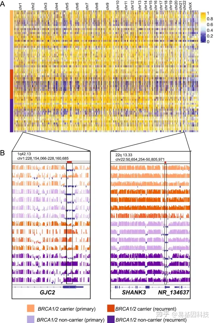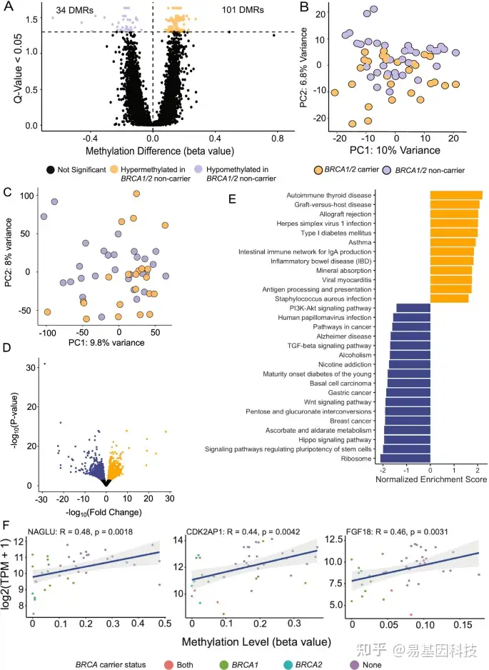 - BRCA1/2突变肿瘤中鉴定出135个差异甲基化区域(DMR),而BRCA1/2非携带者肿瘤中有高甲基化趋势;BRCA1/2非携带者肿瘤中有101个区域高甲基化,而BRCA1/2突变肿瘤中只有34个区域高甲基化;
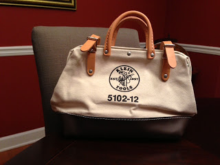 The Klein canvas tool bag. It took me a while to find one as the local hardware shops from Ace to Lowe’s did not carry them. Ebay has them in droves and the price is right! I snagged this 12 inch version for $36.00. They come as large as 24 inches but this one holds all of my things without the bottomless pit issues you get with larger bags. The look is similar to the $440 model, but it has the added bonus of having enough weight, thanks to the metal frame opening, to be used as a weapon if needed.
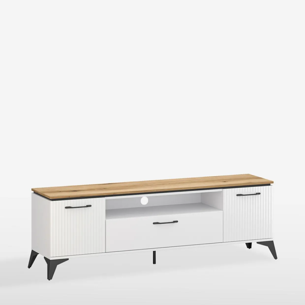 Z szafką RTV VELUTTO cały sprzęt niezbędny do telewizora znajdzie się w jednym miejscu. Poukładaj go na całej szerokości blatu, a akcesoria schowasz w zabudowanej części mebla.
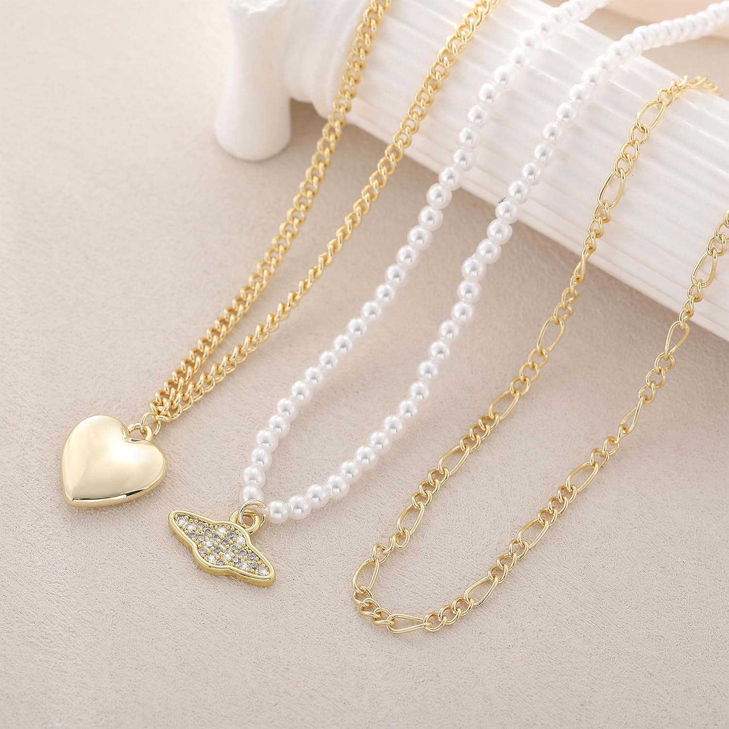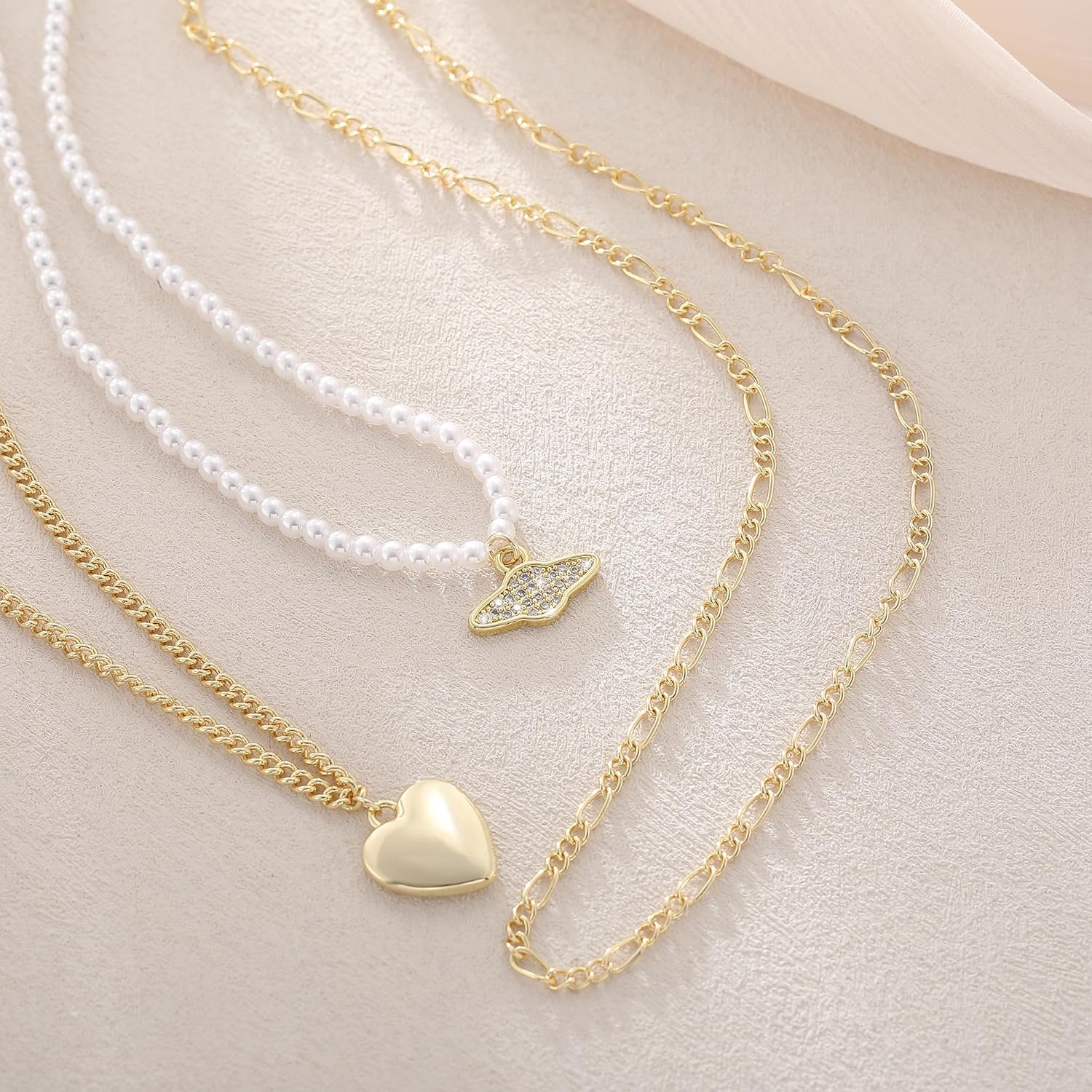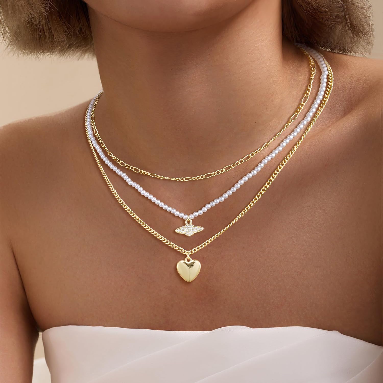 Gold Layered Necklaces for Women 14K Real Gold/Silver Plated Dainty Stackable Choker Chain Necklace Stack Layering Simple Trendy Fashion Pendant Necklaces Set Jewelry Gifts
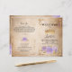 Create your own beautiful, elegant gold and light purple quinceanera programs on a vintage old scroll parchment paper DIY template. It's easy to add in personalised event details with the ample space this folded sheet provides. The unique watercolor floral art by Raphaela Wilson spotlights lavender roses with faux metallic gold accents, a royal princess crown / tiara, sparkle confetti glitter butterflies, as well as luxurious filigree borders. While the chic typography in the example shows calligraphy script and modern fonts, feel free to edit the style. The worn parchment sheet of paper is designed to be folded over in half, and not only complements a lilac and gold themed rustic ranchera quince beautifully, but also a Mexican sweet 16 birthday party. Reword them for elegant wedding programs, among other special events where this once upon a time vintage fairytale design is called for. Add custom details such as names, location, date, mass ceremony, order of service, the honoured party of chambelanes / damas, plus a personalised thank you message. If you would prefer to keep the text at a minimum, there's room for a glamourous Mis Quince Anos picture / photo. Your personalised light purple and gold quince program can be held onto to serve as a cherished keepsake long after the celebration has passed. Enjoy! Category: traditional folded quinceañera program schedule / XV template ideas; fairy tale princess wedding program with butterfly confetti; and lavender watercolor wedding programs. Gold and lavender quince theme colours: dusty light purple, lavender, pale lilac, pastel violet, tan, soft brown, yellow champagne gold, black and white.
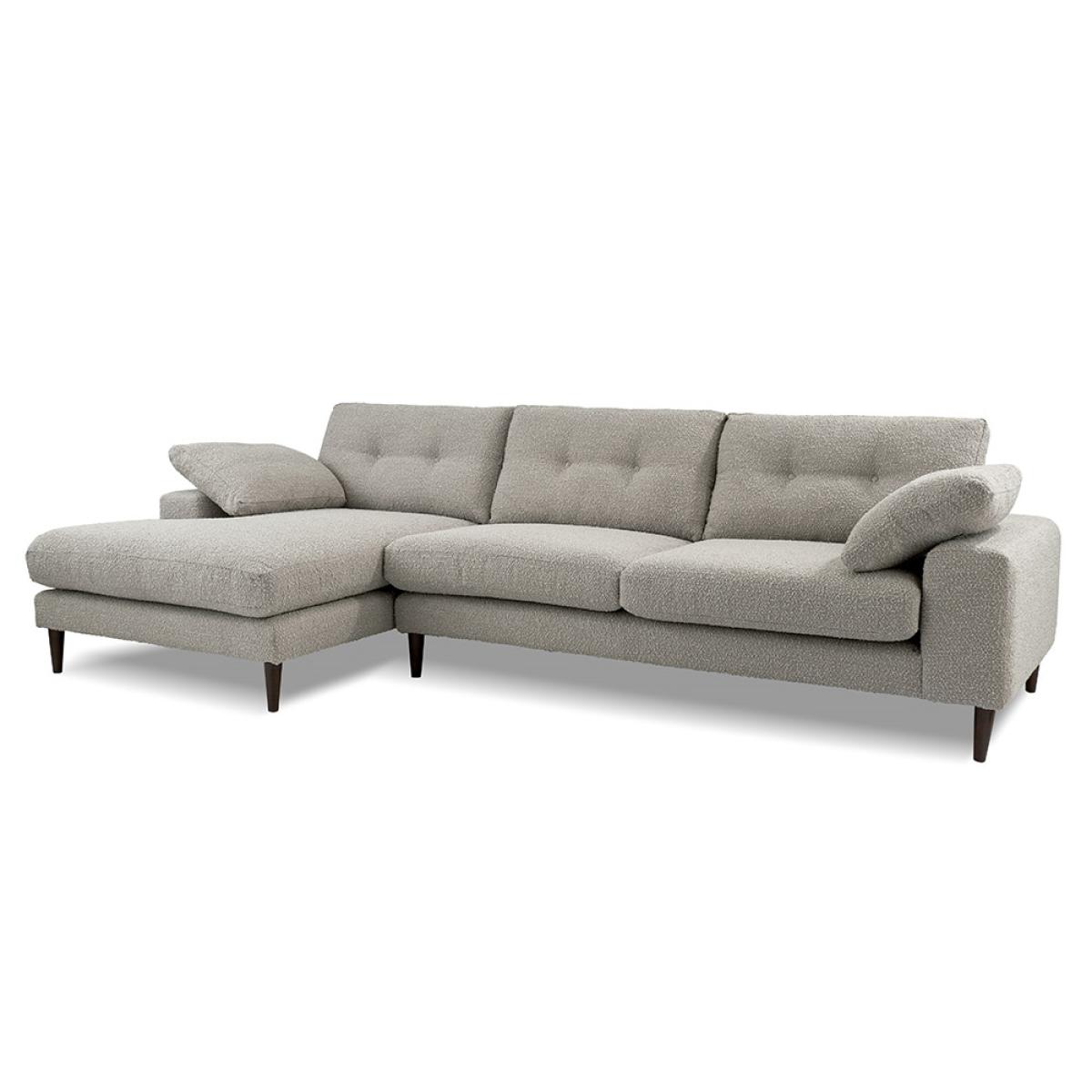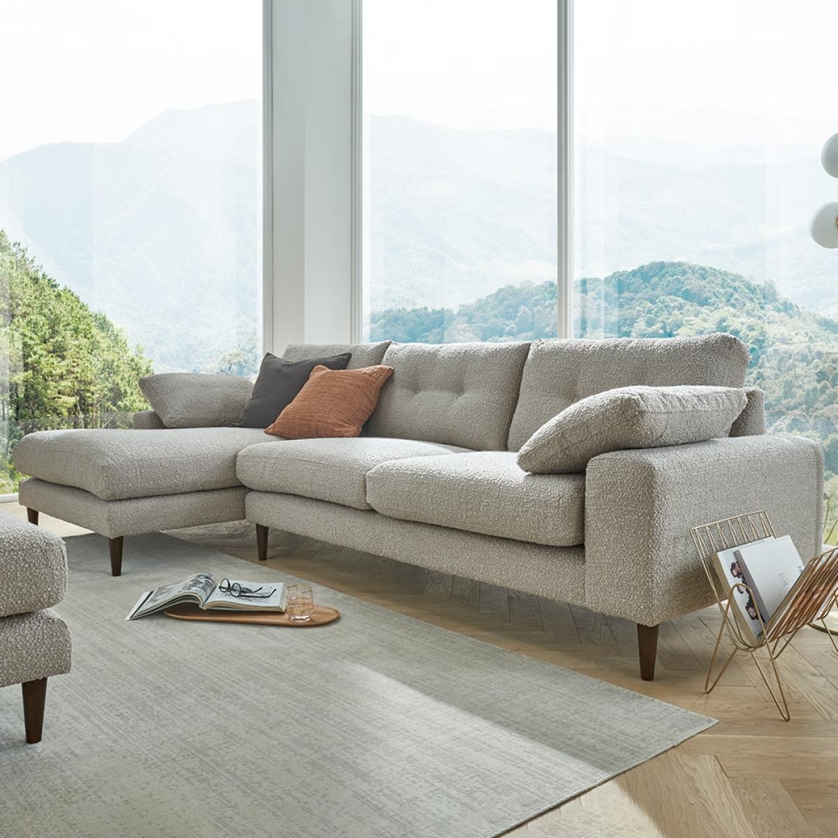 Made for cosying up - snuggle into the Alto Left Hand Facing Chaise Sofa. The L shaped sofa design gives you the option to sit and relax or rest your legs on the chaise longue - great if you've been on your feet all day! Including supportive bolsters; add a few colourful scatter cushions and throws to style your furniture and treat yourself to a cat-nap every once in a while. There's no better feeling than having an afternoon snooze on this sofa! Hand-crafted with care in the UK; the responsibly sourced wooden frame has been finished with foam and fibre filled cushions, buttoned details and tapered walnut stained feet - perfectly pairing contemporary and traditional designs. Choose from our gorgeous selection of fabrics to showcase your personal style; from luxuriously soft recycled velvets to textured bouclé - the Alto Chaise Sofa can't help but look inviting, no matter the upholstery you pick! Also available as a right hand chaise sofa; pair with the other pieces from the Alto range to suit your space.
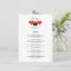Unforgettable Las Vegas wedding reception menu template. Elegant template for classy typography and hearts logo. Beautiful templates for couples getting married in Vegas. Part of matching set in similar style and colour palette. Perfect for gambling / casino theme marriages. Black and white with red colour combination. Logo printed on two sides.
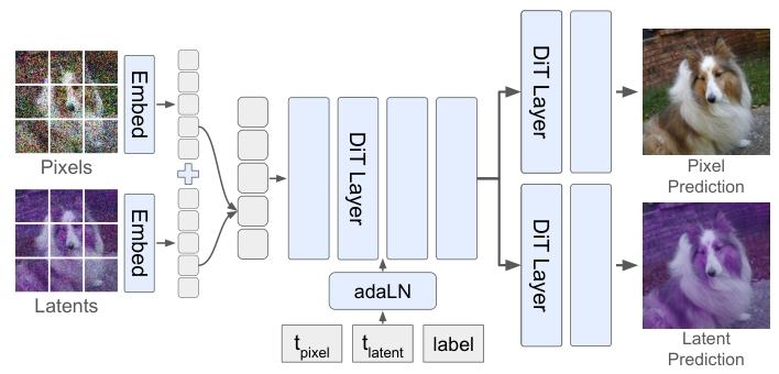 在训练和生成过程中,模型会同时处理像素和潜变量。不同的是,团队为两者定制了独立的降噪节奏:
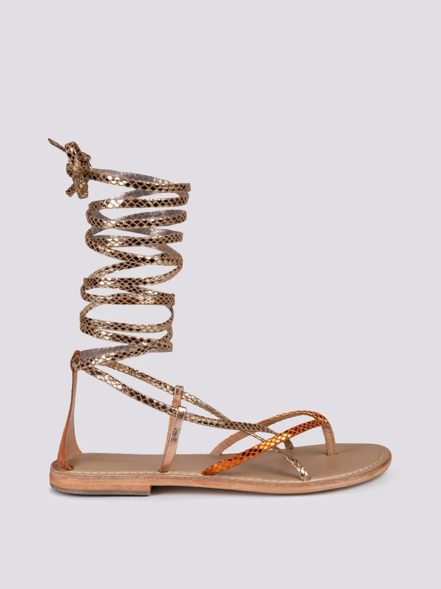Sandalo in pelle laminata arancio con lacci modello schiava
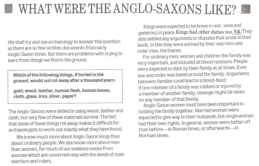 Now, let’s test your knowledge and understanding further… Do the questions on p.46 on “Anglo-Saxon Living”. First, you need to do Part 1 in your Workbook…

--------------------------------------------------

### Task details
Copy out exactly the material that runs from the line with "The Klein canvas" to the line with "Gold Layered Necklaces", ends included, and leave the pictures behind.

### Response below
 The Klein canvas tool bag. It took me a while to find one as the local hardware shops from Ace to Lowe’s did not carry them. Ebay has them in droves and the price is right! I snagged this 12 inch version for $36.00. They come as large as 24 inches but this one holds all of my things without the bottomless pit issues you get with larger bags. The look is similar to the $440 model, but it has the added bonus of having enough weight, thanks to the metal frame opening, to be used as a weapon if needed.
 Z szafką RTV VELUTTO cały sprzęt niezbędny do telewizora znajdzie się w jednym miejscu. Poukładaj go na całej szerokości blatu, a akcesoria schowasz w zabudowanej części mebla.
 Gold Layered Necklaces for Women 14K Real Gold/Silver Plated Dainty Stackable Choker Chain Necklace Stack Layering Simple Trendy Fashion Pendant Necklaces Set Jewelry Gifts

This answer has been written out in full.